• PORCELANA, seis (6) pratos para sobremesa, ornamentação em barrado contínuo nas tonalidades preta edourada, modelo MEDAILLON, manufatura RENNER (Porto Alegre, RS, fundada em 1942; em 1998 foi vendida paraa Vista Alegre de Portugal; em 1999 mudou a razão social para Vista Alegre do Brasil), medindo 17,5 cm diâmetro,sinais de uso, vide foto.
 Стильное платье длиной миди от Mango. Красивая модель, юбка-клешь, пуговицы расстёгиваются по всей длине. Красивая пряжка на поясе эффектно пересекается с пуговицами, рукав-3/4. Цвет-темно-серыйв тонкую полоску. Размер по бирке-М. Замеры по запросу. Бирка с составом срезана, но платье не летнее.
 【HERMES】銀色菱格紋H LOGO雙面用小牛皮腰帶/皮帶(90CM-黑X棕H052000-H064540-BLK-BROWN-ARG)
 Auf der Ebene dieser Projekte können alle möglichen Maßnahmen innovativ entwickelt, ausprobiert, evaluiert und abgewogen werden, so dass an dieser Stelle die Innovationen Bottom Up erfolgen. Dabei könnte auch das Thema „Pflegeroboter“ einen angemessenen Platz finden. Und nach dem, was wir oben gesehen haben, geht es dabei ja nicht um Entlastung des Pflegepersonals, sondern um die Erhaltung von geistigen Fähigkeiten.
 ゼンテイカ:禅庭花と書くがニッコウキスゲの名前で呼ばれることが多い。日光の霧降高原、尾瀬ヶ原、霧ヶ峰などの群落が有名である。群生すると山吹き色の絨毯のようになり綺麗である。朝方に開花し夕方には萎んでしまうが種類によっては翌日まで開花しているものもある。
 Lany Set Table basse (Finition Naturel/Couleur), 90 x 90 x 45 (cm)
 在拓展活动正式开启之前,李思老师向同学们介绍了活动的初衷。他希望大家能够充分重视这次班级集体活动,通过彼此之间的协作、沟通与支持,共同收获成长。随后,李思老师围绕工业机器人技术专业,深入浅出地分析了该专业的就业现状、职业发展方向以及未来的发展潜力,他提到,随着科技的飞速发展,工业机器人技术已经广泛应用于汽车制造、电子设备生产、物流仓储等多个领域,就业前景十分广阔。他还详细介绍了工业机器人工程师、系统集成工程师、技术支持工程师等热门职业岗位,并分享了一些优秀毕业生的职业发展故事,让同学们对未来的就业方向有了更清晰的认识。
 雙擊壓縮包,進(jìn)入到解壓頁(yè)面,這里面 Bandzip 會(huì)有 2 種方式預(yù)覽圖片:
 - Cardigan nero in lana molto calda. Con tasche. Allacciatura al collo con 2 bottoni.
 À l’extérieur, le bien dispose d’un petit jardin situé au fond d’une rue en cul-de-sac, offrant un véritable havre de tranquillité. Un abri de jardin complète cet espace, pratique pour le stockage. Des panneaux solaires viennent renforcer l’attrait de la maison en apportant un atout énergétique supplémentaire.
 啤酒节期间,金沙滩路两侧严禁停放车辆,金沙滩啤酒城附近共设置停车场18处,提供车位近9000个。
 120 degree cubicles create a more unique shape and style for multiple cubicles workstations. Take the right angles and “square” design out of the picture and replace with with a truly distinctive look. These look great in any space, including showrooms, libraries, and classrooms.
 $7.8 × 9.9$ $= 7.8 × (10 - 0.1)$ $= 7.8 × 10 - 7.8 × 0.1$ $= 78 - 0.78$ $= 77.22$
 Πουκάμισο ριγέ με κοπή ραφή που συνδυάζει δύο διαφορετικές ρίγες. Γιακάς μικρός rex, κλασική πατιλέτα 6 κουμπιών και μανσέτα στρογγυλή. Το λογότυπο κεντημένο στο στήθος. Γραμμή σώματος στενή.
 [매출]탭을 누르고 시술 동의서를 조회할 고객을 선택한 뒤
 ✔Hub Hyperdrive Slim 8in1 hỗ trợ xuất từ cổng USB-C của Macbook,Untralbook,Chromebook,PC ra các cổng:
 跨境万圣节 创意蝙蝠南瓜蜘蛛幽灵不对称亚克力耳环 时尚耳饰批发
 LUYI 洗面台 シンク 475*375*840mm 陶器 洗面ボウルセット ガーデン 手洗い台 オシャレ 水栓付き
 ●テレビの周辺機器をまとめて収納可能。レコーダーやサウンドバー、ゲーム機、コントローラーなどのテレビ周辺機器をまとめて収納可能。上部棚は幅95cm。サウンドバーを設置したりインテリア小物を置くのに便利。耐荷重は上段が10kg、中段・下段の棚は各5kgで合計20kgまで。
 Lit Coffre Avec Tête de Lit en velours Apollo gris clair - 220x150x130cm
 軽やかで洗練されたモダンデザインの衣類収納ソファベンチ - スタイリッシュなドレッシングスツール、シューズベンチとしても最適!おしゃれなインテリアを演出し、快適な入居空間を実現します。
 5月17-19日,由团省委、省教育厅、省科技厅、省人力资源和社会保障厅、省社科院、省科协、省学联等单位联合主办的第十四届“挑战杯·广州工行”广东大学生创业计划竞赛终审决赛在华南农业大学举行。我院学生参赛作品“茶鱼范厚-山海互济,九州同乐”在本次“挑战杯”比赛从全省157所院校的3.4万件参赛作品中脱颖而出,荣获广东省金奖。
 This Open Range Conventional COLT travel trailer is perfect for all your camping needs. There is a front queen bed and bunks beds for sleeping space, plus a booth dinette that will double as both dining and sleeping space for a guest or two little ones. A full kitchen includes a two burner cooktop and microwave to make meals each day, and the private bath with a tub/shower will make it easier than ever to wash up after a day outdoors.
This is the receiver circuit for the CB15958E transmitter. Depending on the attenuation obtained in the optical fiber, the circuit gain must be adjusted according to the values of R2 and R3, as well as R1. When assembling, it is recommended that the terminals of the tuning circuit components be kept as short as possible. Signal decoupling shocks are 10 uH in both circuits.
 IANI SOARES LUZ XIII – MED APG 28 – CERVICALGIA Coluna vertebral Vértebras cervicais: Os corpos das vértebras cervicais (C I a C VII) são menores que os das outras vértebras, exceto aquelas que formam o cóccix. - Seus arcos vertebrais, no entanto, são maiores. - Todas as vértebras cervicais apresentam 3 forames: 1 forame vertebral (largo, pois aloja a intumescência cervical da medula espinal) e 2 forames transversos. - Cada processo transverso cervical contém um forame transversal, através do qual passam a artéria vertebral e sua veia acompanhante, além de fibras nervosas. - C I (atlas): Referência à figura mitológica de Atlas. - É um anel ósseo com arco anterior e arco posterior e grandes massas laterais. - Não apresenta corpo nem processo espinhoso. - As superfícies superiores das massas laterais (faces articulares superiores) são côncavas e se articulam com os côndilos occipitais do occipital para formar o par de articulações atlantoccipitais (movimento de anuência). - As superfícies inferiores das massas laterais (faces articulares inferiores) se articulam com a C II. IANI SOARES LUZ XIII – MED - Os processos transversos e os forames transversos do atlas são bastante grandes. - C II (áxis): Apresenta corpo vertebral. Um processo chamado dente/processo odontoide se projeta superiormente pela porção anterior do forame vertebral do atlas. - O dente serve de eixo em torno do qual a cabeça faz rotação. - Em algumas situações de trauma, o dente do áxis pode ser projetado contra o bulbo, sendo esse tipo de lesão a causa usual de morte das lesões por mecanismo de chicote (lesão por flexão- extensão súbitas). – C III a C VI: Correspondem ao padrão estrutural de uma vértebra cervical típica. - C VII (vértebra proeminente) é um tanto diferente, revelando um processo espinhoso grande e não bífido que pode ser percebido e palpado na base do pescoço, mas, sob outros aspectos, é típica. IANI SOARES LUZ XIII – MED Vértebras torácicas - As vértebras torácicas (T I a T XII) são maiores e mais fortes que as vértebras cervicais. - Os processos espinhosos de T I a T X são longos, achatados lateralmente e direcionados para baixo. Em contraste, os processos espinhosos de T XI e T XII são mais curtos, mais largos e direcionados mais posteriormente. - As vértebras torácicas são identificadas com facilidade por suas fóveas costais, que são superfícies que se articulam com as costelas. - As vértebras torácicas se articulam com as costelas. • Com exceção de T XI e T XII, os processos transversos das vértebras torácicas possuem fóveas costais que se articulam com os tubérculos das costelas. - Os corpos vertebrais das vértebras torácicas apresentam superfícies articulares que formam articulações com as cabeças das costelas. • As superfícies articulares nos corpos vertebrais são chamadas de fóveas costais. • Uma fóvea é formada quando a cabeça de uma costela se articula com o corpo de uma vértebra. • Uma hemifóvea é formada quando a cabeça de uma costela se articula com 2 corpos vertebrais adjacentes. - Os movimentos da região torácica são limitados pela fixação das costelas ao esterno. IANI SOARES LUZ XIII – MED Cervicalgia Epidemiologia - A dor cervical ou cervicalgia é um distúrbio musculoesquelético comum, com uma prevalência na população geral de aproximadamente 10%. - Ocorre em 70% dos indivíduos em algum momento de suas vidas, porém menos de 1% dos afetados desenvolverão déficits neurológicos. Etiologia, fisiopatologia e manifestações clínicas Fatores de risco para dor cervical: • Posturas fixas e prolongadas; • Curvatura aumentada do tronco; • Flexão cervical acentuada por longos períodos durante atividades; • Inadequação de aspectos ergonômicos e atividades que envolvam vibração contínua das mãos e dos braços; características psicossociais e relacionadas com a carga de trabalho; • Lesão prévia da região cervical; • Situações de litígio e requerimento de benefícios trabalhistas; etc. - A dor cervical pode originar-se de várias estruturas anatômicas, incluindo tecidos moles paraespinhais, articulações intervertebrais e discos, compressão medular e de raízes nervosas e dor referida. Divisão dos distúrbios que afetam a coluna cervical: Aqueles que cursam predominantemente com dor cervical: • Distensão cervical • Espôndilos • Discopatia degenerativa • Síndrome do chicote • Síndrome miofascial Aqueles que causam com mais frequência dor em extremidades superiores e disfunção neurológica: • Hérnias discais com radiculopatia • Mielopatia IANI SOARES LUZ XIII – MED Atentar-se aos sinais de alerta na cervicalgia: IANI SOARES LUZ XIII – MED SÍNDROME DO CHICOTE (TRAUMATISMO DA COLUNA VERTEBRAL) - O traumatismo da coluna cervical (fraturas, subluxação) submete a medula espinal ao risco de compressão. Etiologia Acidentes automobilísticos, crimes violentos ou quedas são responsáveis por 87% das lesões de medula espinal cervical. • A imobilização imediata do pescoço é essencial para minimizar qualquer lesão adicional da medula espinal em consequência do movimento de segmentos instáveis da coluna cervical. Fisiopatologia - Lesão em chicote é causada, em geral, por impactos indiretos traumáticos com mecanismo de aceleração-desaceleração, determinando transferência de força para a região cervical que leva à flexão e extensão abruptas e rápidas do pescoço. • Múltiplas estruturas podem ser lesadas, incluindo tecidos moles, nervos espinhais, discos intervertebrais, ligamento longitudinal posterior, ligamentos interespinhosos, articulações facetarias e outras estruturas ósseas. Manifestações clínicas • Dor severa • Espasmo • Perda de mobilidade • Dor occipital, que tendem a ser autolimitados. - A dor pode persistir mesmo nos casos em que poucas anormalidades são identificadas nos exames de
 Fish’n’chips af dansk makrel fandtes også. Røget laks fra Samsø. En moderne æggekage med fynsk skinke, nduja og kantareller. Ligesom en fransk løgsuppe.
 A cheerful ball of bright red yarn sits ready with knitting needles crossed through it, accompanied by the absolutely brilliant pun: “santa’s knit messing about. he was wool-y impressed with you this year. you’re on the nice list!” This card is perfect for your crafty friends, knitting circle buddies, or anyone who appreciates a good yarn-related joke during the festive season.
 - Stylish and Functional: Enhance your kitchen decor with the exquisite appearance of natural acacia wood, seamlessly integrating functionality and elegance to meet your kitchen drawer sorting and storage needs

====

◆ **What you should do**: Report, for the data above, every line in which the string "that" appears.

◆ **Solution to this exercise**:
 This Open Range Conventional COLT travel trailer is perfect for all your camping needs. There is a front queen bed and bunks beds for sleeping space, plus a booth dinette that will double as both dining and sleeping space for a guest or two little ones. A full kitchen includes a two burner cooktop and microwave to make meals each day, and the private bath with a tub/shower will make it easier than ever to wash up after a day outdoors.
This is the receiver circuit for the CB15958E transmitter. Depending on the attenuation obtained in the optical fiber, the circuit gain must be adjusted according to the values of R2 and R3, as well as R1. When assembling, it is recommended that the terminals of the tuning circuit components be kept as short as possible. Signal decoupling shocks are 10 uH in both circuits.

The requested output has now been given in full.